行2清零 UCSWRST、行3清零行2中所做的设置。
它应该与以下代码类似:
UCB0CTLW0 = UCSWRST; // Enable SW reset UCB0CTLW0 |= UCMST | UCMODE_3 | UCSYNC | UCSSEL_2; // I2C Master, synchronous mode
谢谢、David。 出于某些原因、只有当我在宏之间使用"+"符号而不是"|"符号时、代码才会进入 ISR。 此代码现在触发 ISR:
void i2c_init (void){
P5SEL0 |= SCL;//将 I2C 引脚分配至 USCI_B0
P5SEL0 |= SDA;
UCB0CTLW0 |= UCSWRST;//启用软件复位
UCB0CTLW0 |= UCMST + UCMODE_3 + UCSYNC;// I2C 主器件、同步模式
UCB0CTLW0 |= UCSSEL_2 + UCSWRST;//使用 SMCLK,保持软件复位
UCB0BRW = 10;// fSCL = SMCLK/10 =~100kHz 及 SMCLK 1MHz
UCB0BRW = 0;
UCB0CTLW0 &=~μ A UCSWRST;//清除软件复位、恢复操作
UCB0IE |= UCTXIE0;//启用 TX 中断
}//结束 i2c_init
但使用 UCB0CTLW0 |= UCSSEL_2 | UCSWRST 将不起作用。 屏幕上仍然没有输出、但这是一个进步。 您能否说明什么时候使用字节/字访问更好? 我曾查看过相关的用户指南、但并未真正按照其中的说明操作。 感谢您的帮助
字节访问是从真正旧的 MSP430器件进行的保留、而旧的 MSP430器件也是如此。 TI 为那些从那里开始并倾向于该方式的符号提供了帮助。 我不喜欢它、因为当我看到 UCB0CTL1时、我认为高字节实际上是低字节。 太令人困惑了。 它是一个字寄存器使用字访问。
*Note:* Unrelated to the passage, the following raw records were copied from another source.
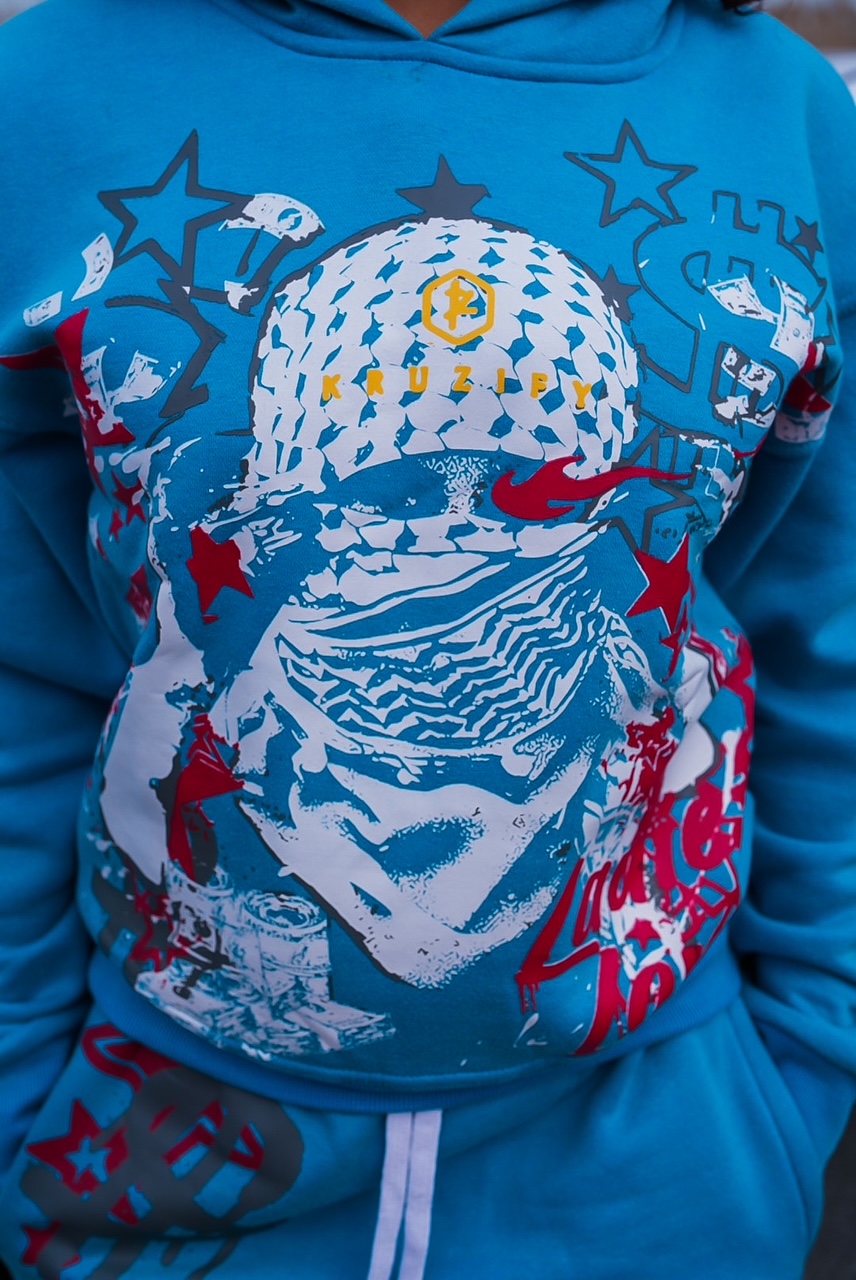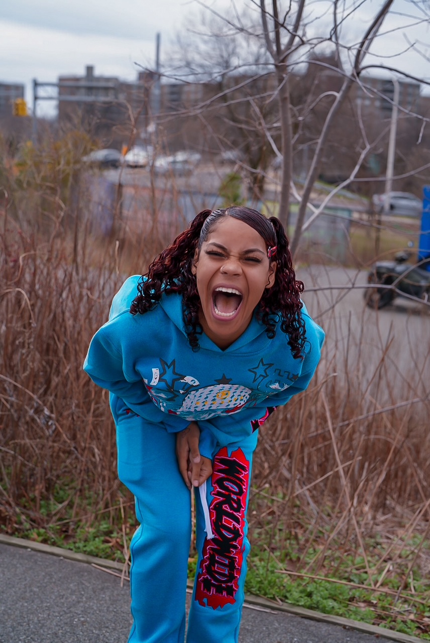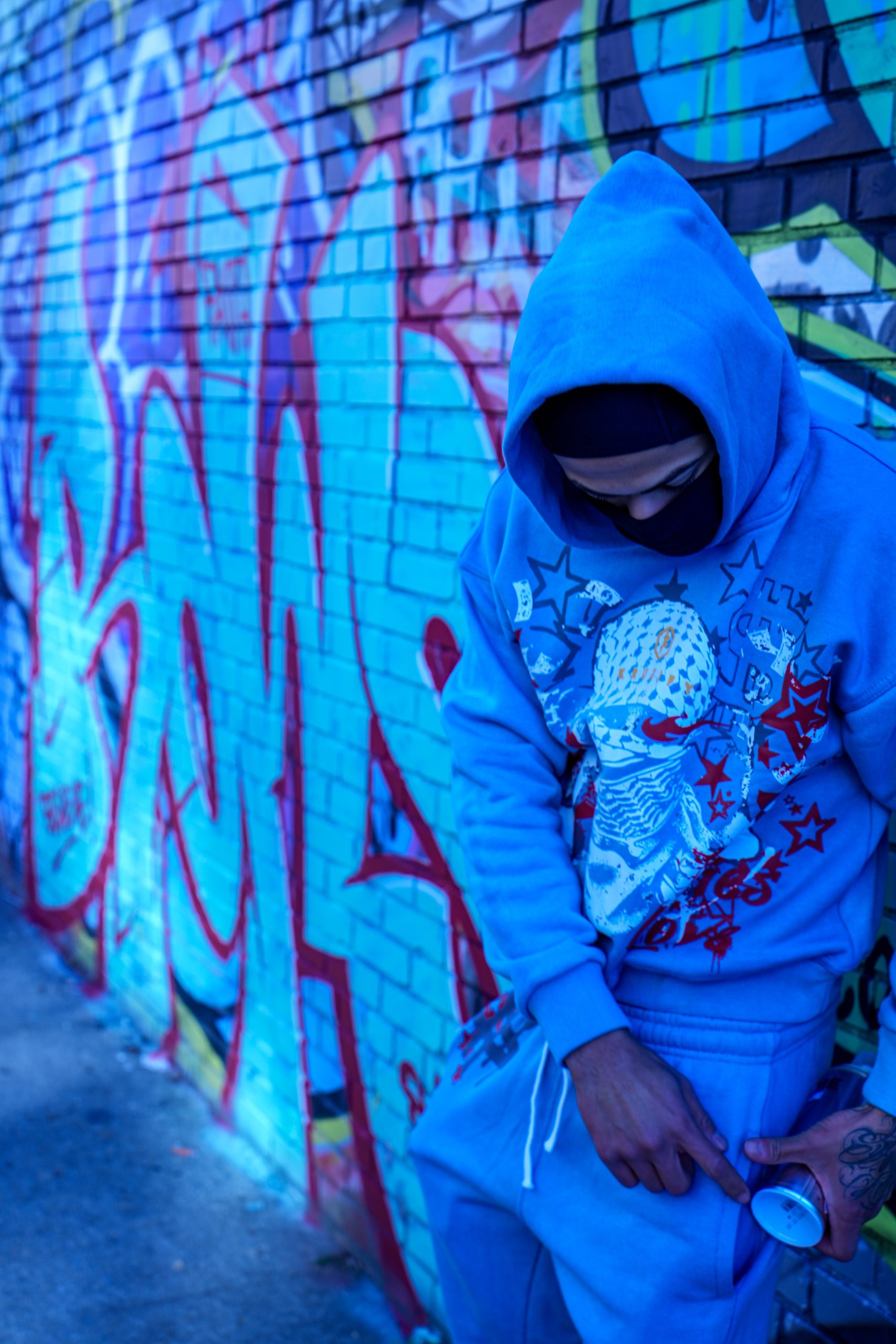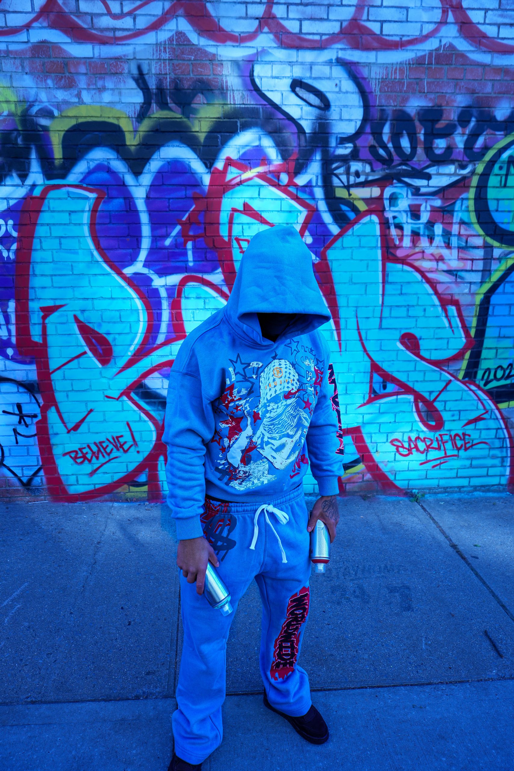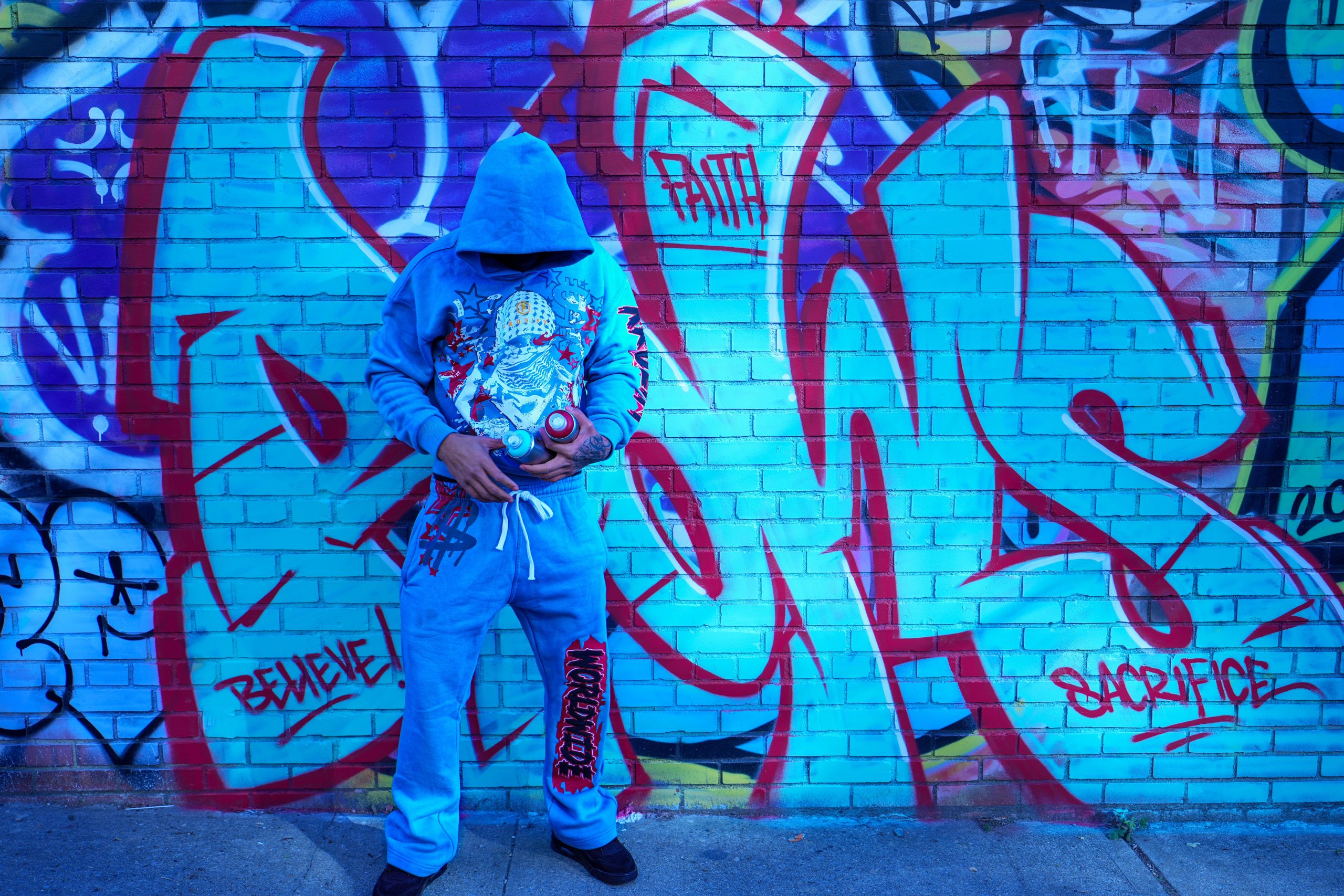 Our new ‘Tali-Bands’ sweatsuit. Unleash bold energy with this piece designed for those who Stand out and stand for something. This 2-piece set features a striking black hoodie and matching joggers, both adorned with graffiti-inspired artwork. The hoodie showcases a bold graphic design that blends urban grit with Artistic flair. The joggers feature “WORLDWIDE” in vibrant typography, making a global statement of unity and purpose.
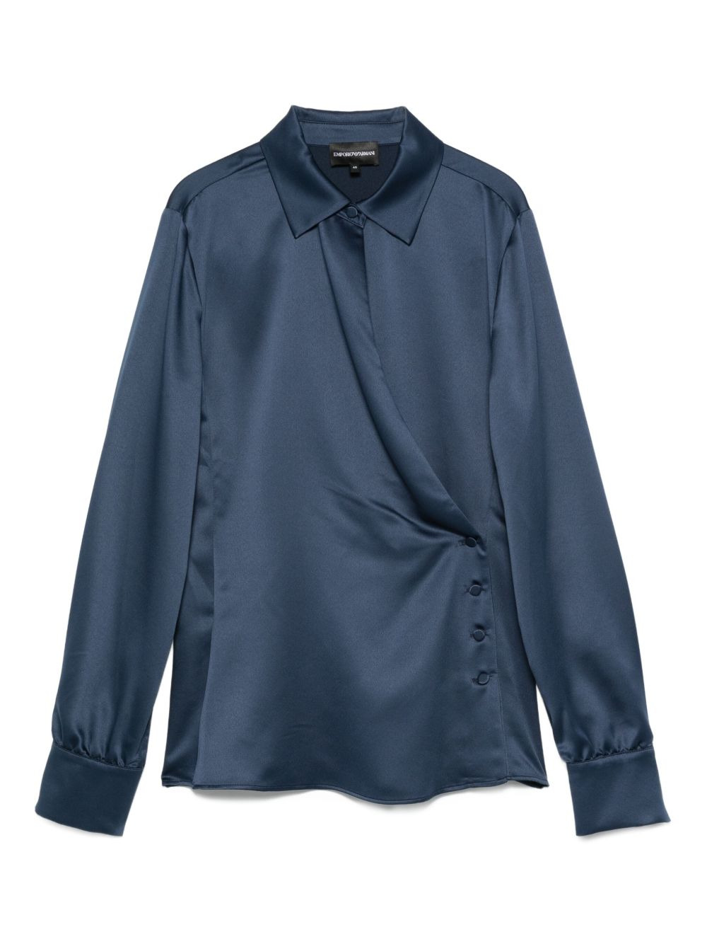 satin wrap blouse Highlights - China blue - Wrap front - Long sleeves - Button fastening - Collared neck Imported Composition Polyester 100% Washing instructions Machine Wash
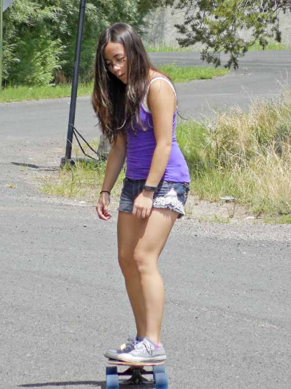 | Sam thought a long-board woud be good transportation around campus. |
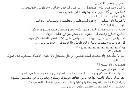 أما محمد إبراهيم فقال "كلام لن يعجب الكثيرين، الاخوان ذهبوا وهم يعرفون ما سيحدث، يعلمون أن هناك رصاص وخرطوش ومولوتوف، الاخوان يهددون ويتوعدون لكل من سيقترب منذ عدة أيام ، وفي النهاية يحدث ما يحدث كل مرة"
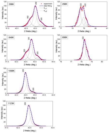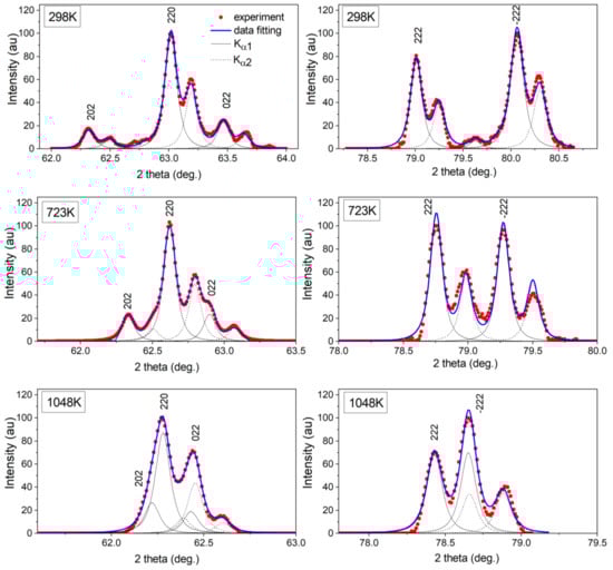The type of distortion from an ideal cubic perovskite structure was determined using the diffraction lines splitting method and Glazer’s analysis, described elsewhere [20]. The pseudocubic distortion was determined, and cell parameters were calculated based on the splitting of the major selected diffraction lines, such as {200}c, {220}c, {222}c. Figure 3 shows the temperature evolutions of {220}c and {222}c reflections for selected 298 K, 723 K, and 1048 K temperatures. Figure 3 shows raw and fit data with Kα1 and Kα2 lines. Using data from the literature published elsewhere [20], the consideration of the number of main splitting diffraction lines and the analysis of the superstructure lines made it possible to solve the perovskite structure. Therefore, in this paper, the terminology used by Glazer for the classification of space groups and symmetries associated with each of the tilting types is applied. Based on the relationship between the number of major pseudocubic diffraction lines and the given crystallographic system, and the octahedra tilting type for given distortions [44], the distortions and perovskites symmetry were determined.
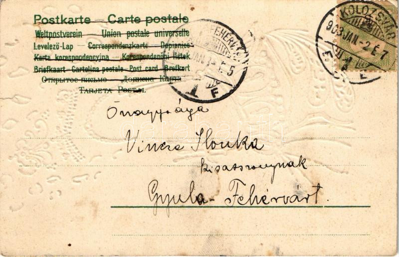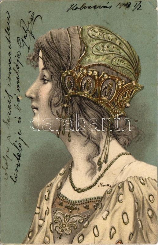 Beschreibung: 1903 Art Nouveau lady. Emb. litho (EK)
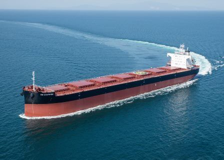4月13日,日本新来岛Sanoyas造船(原Sanoyas造船)水岛制造所建造的巴拿马型散货船“YM COURAGE”号命名交付。
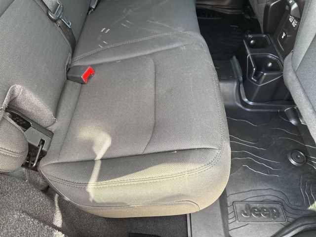 Safety features include a ParkView rear back-up camera, tire pressure monitoring system, stability and traction control, trailer sway control, advanced multistage front airbags, seat-mounted side airbags, side impact beams, and rear child safety locks. Heavy-duty components such as skid plates, anti-spin rear differential, solid axles with coil spring suspension, and rock rails reinforce its off-road capability.
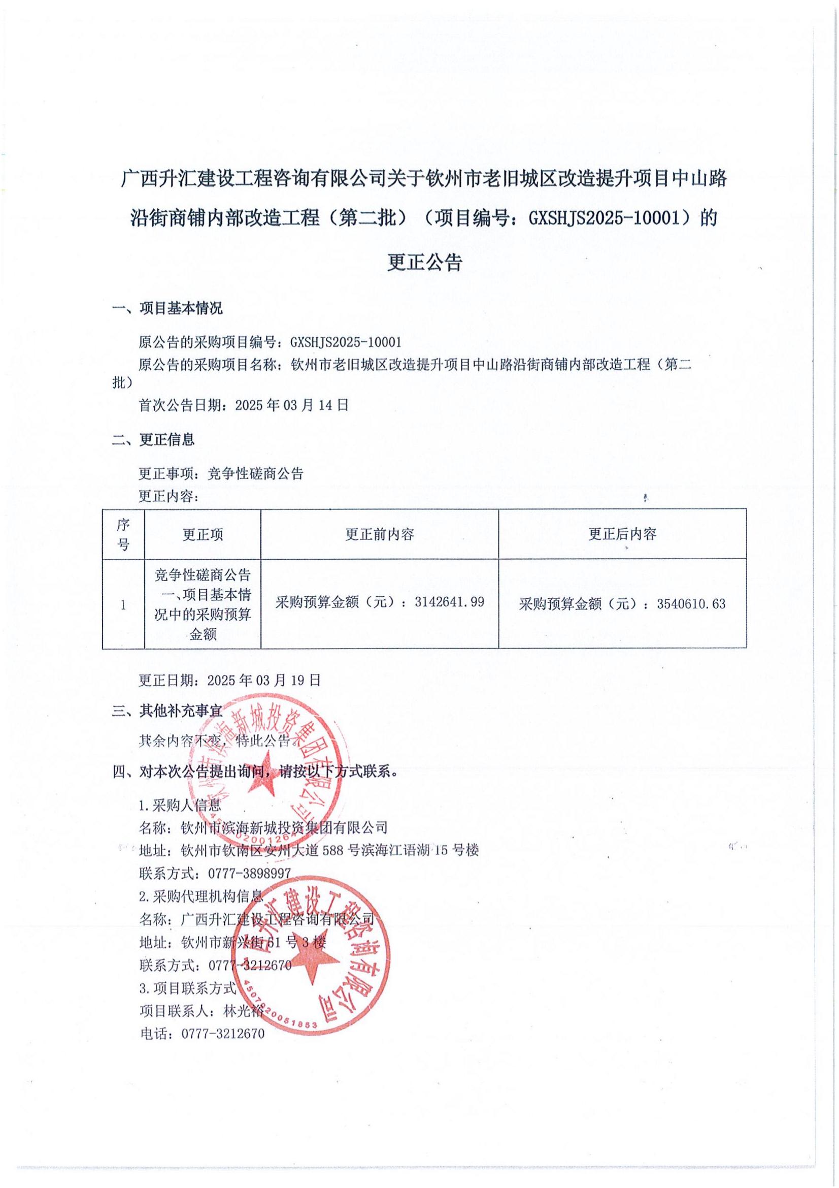 欽州市老舊城區(qū)改造提升項目中山路沿街商鋪內(nèi)部改造工程(第二批)(項目編號:GXSHJS2025-10001)的更正公告

设置比特率的代码使用字访问、但在写入时假定有两个字节访问。 你不仅得到太快的比特率,但你违反了 brclk/4限制。
由于这些寄存器中的所有字段不重叠、因此 按位或与加法之间的结果不应有差异。 我更喜欢使用位元或、因为我真的不想在位之间进行进位。 即使是在偶然情况下。
另一个问题是、寄存器在复位后并不总是为零。 (请参阅文档。) 例如、UCCSEL 为3。 这一次不是问题。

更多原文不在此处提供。